Information on dietary intake data, anthropometric measurements and detailed individual, household and community sociodemograpic data was collected by trained interviewers at each home visit spanning 3 days21. The sample analyzed in this study includes children aged 2-12 from 2009 (n=1,191) and 2011 (n=1,648) with available anthropometric data. Since the CHNS is a longitudinal cohort, some children from the sample of 2009 were assessed again in 2011. For the purpose of our analyses, we treated each year as cross-sectional. Survey instruments, protocols and informed consents were approved by the institutional review committee of the University of North Carolina at Chapel Hill, the National Institute for Nutrition and Health Food Safety, the Chinese Center for Disease Control and Prevention, and the China-Japan Friendship Hospital, Ministry of Health.
Anthropometric measurements
Height was measured in bare-footed individuals to the nearest 0.2 cm using a portable Seca stadiometer (Seca North America, Chino, CA, USA). Weight was measured in light clothing and without shoes to the nearest 0.1 kg using a calibrated beam scale and waist circumference (WC) was measured using a Seca tape measure.
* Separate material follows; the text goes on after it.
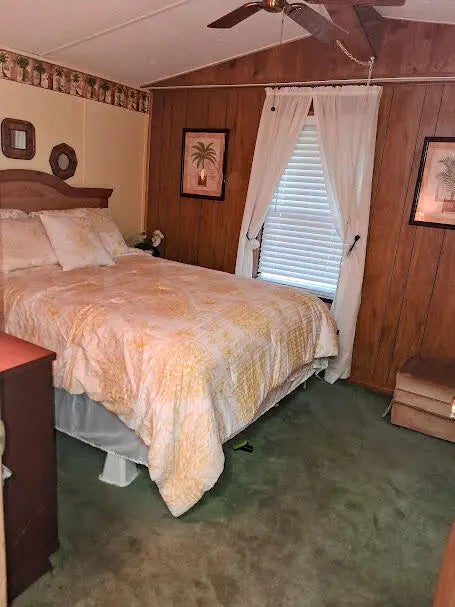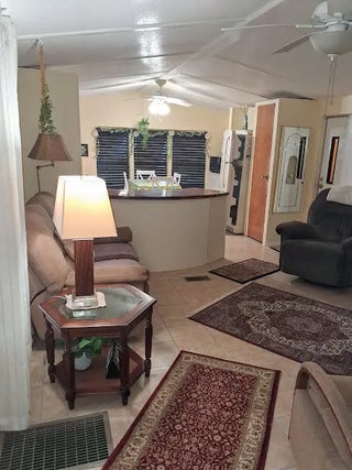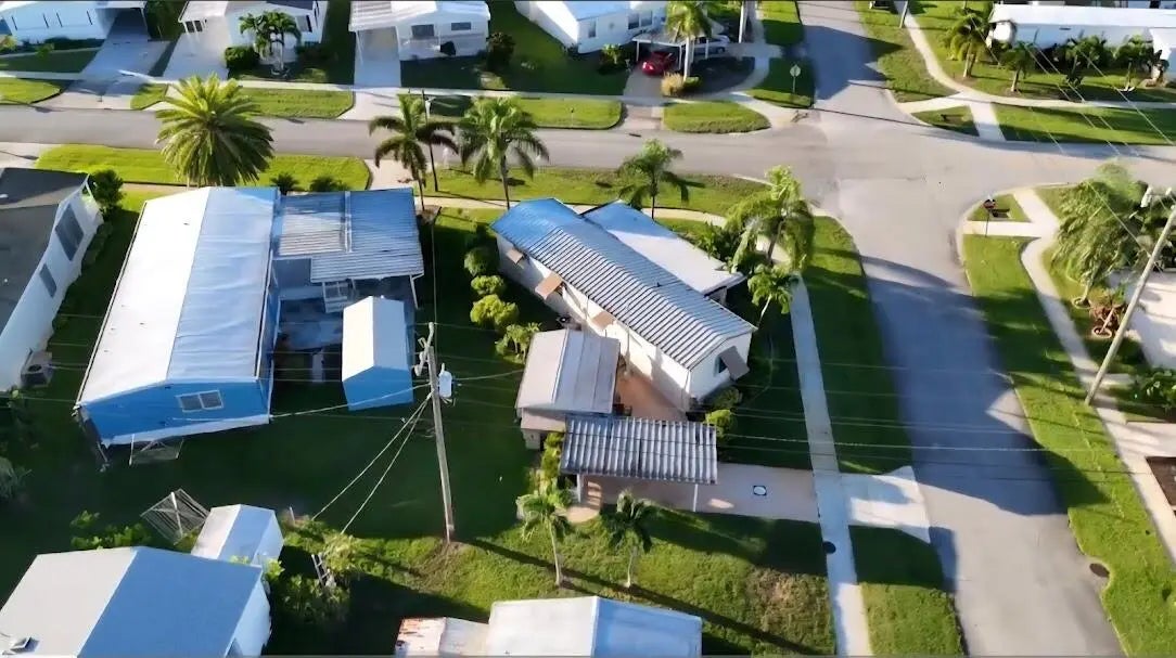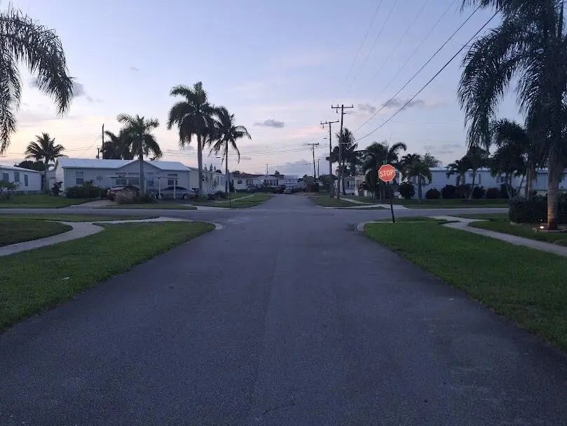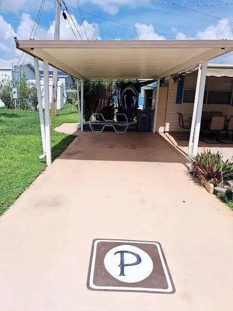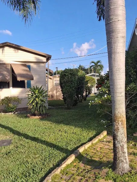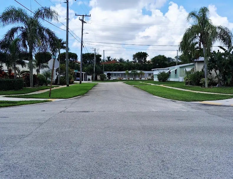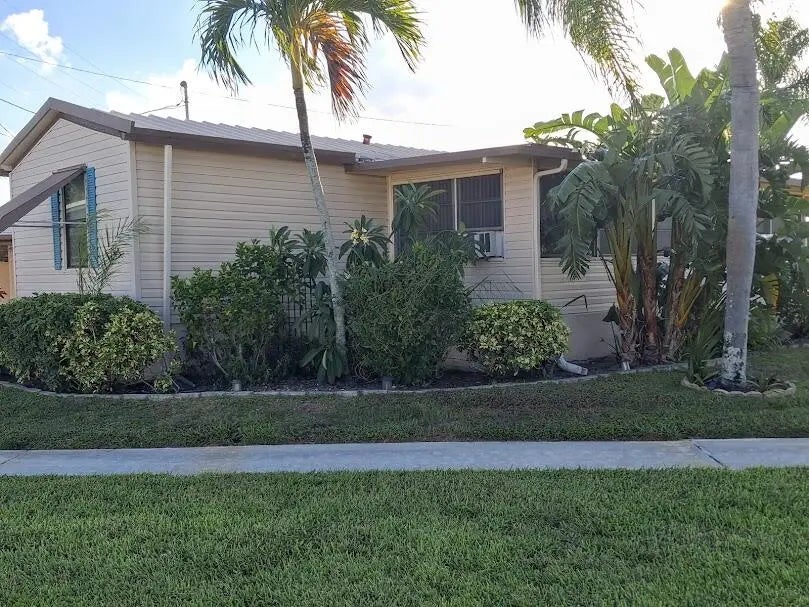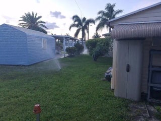 Corner lot sought after, well maintained manufactured home in a very friendly, active age 55+ community that's resident owned. NO lot fees! 1 time land share fee $750 refundable at resale. Turnkey all furniture and appliances included, full size washer/dryer in home, newer central A/C & water heater, Aluminum roof coated every few years, nice bright sunroom entry with wall A/C unit, kitchen island for entertaining, complex heated pool just refinished & clubhouse with many free concerts, BBQ's, games day, holiday parties, shuffleboard, bocce, petanque courts, golf driving cage, motorcycles & golf carts allowed, close to I95 and Turnpike, WPB & Ft Laud airports, 5 miles to beach, oversized shed 160 s.f. half bathroom & A/C unit, can be guest house or shelter, Sun shade patio, Hurry!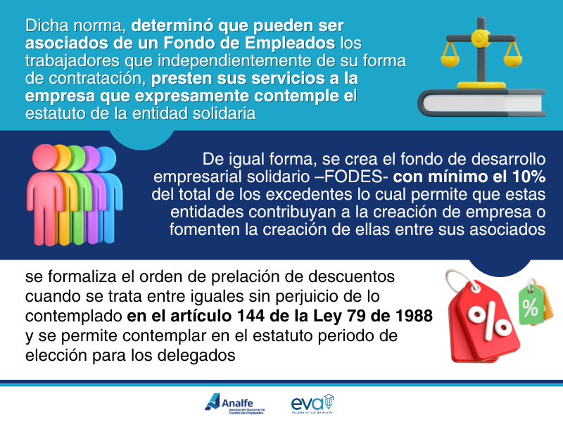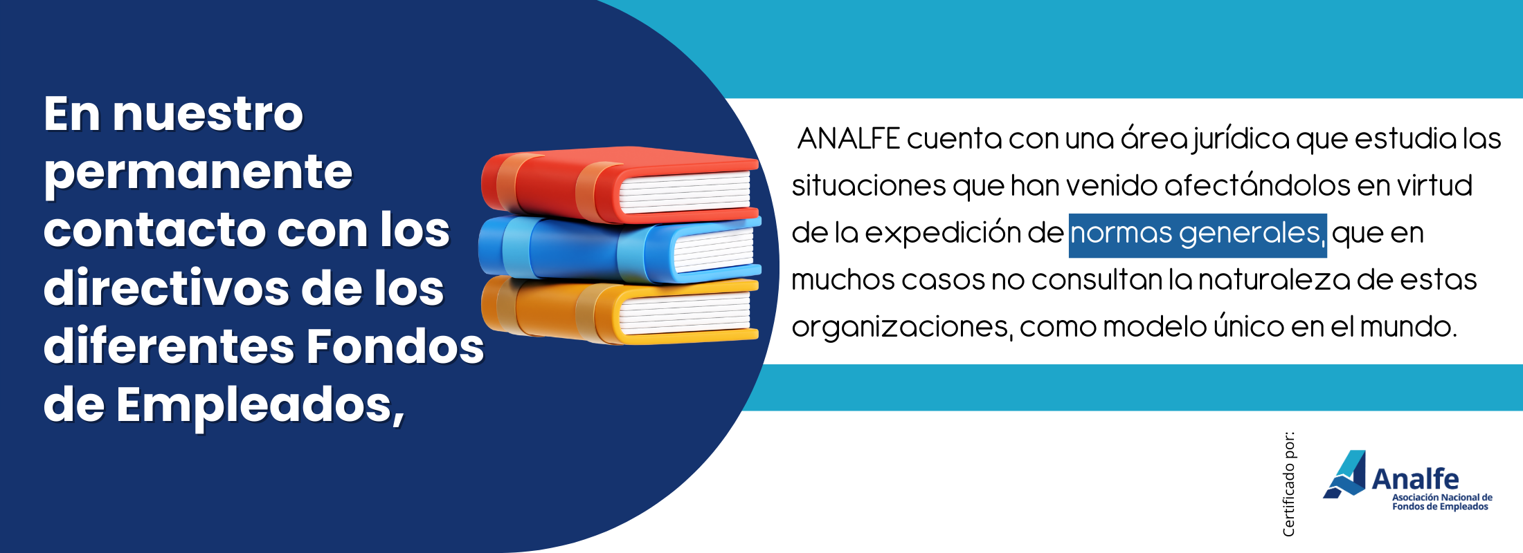 Dentro de las necesidades más latentes, estaba la revisión del vínculo de asociación, pues los movimientos normativos frente a las diferentes formas de contratación laboral que se venían adoptando en las empresas y las que se preveían iban a entrar en vigencia generaban incertidumbre frente a la redacción que traía el artículo 4 del Decreto Ley 1481 de 1989 donde limitaba la participación para ser asociados a los trabajadores dependientes. Ante esta situación, ANALFE lidera el proceso de análisis y de redacción de un proyecto de ley, dentro del cual se incluyen otros aspectos de interés para estas entidades y que se formaliza a través de la Ley 1391 de 2010.

Classification of children based on their anthropometric measurements was determined based on the WHO growth standards for 0-5-y-olds and the WHO growth reference for 5-19-yolds23-25. Stunting was defined as <2SD of height-for-age z-scores. Underweight, normal weight, overweight and obesity were classified using the International Obesity Task Force international BMI cut points by age and gender 26, with cut-points that correspond to an adult BMI of 18.5 (underweight), 25 (overweight) and 30 (obesity).
Dietary intake measurements
For each individual, dietary intake was collected by trained interviewers using 3 consecutive 24-h recalls. Supplemental information was supplied by a daily household food inventory and by meeting with the household member that handled the food preparation to learn the exact details of each dish so recipes were individualized27, 28. In addition, trained interviewers used food models and pictures to record the type of food, amount, meal-time and place of consumption of all foods consumed on the previous day. All food consumed at home or away from home was reported by children ≥12 y. For children <12y of age, the mother or child's caregiver who handled food preparation at home or feeding outside the home was used as a proxy for the child's food consumption8. The present analysis used the 3-day averages of energy and nutrient intakes.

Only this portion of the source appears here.